In our storytelling, the two are often combined. What makes a hero, if not love? Whether it is love for a partner, lover, or simply the human race, the deeds done by our action heroes are, for the most part, motivated by a devotion that far surpasses what we ourselves think we are capable of.
And why love at all, if one is not willing to go the extra mile, to beat the impossible odds, to rescue him or her when they are in distress, to sweep them off their feet, and to be their hero? The truest love, it seems, is forged in the heat of conflict, when life and death are on the line. If love can survive that, it can survive anything.
I confess that, while I am usually a sucker for these movies, they do make real life feel a little… inadequate. I try to imagine myself in some of the situations action heroes find themselves in. Not counting the situations that are clearly over-embellished for dramatic effect, I look at those situations, and I’m pretty sure I’d be dead. I couldn’t leap from a building to a helicopter, or swing on a rope across a fiery gorge, or beat up two dozen bad guys with just my fists, all to get to the person I love and save the day.
With such high expectations prominently displayed in our entertainment fantasies, it’s not too hard to understand why love and marriage can be disappointing for some people. Rarely does our romantic, movie-induced idea of love and what it can go through match up to the reality. We expect perfection, the ability to know perfectly what the people we love are thinking, and to be able, literally, to move mountains for love.

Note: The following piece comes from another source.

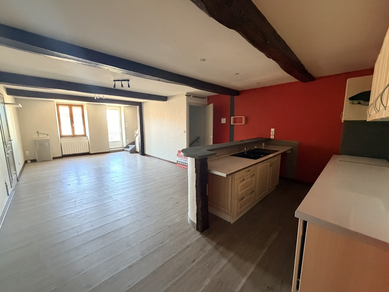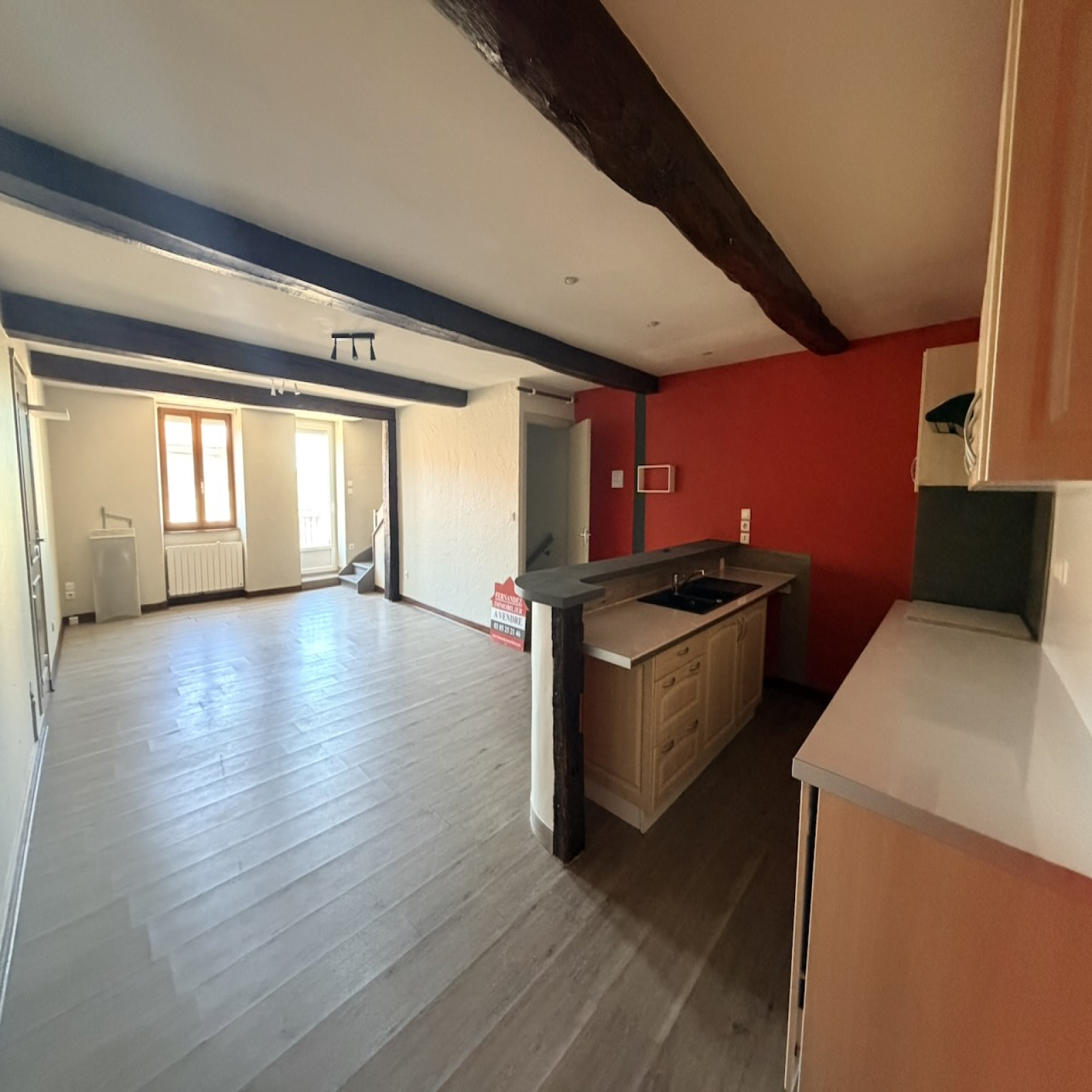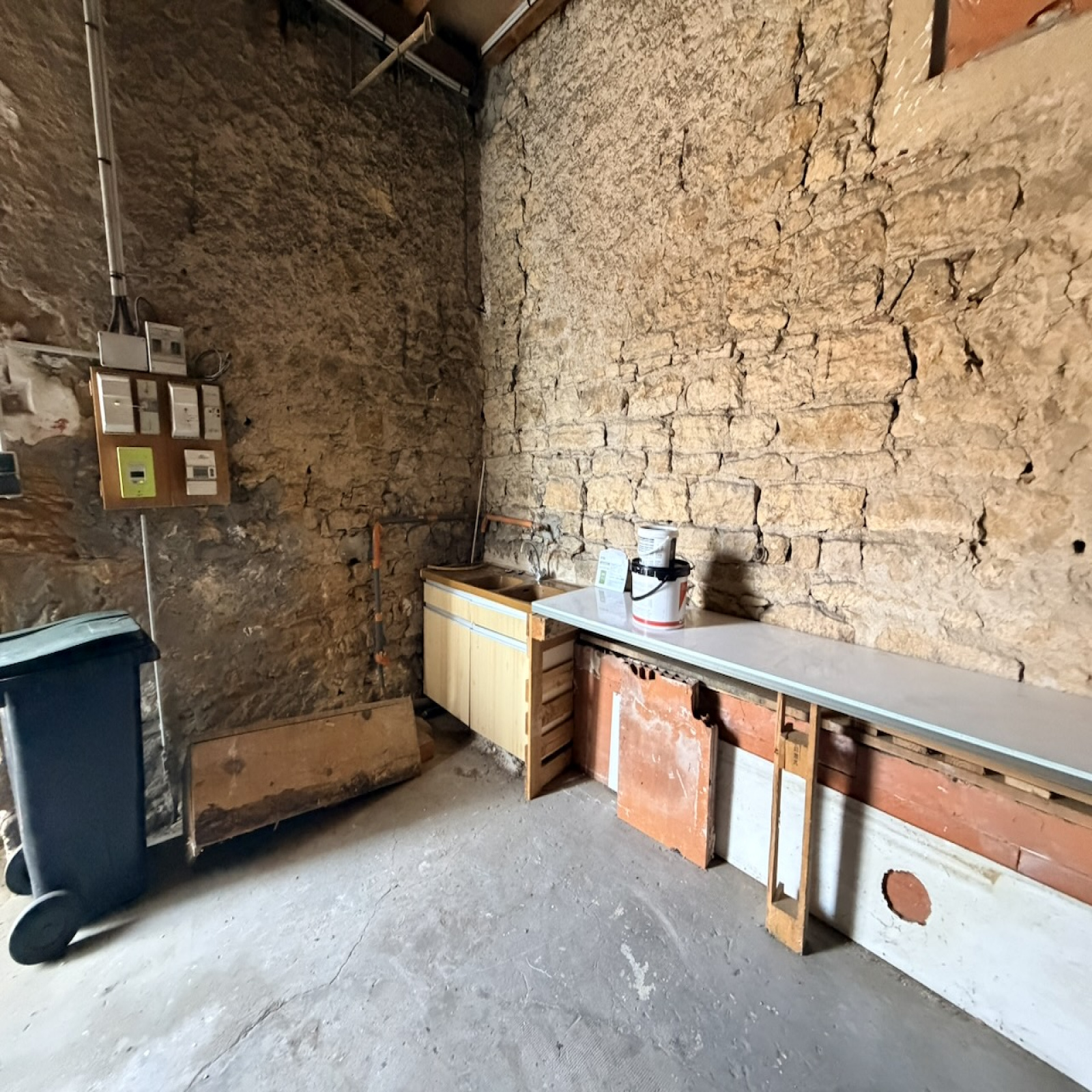 Séjour, cuisine aménagée, ouverte, 45 m2. WC. Buanderie, placards, 17 m2. Salle de bains.

Love is connected to these grand ideas. Love is big. Flashy. Exciting. Dramatic. It is bold, catchy, larger-than-life. And yet, at the same time, this idea of love is entirely unrealistic. If love is to be defined in this way, by its glory and grandeur, then I suspect that most of us are in big trouble.
I like Jesus’s idea better. John says, “Now before the festival of the Passover, Jesus knew that his hour had come to depart from this world and go to the Father. Having loved his own who were in the world, he loved them to the end” (John 13:1 NRSV).
This is the day before the crucifixion. Arguably, that event is one of the greatest ways God has shown love for all of creation. After all, doesn’t Jesus say a little later in John’s Gospel: “No one has greater love than this, to lay down one’s life for one’s friends” (John 15:13 NRSV). That certainly is the case with the crucifixion.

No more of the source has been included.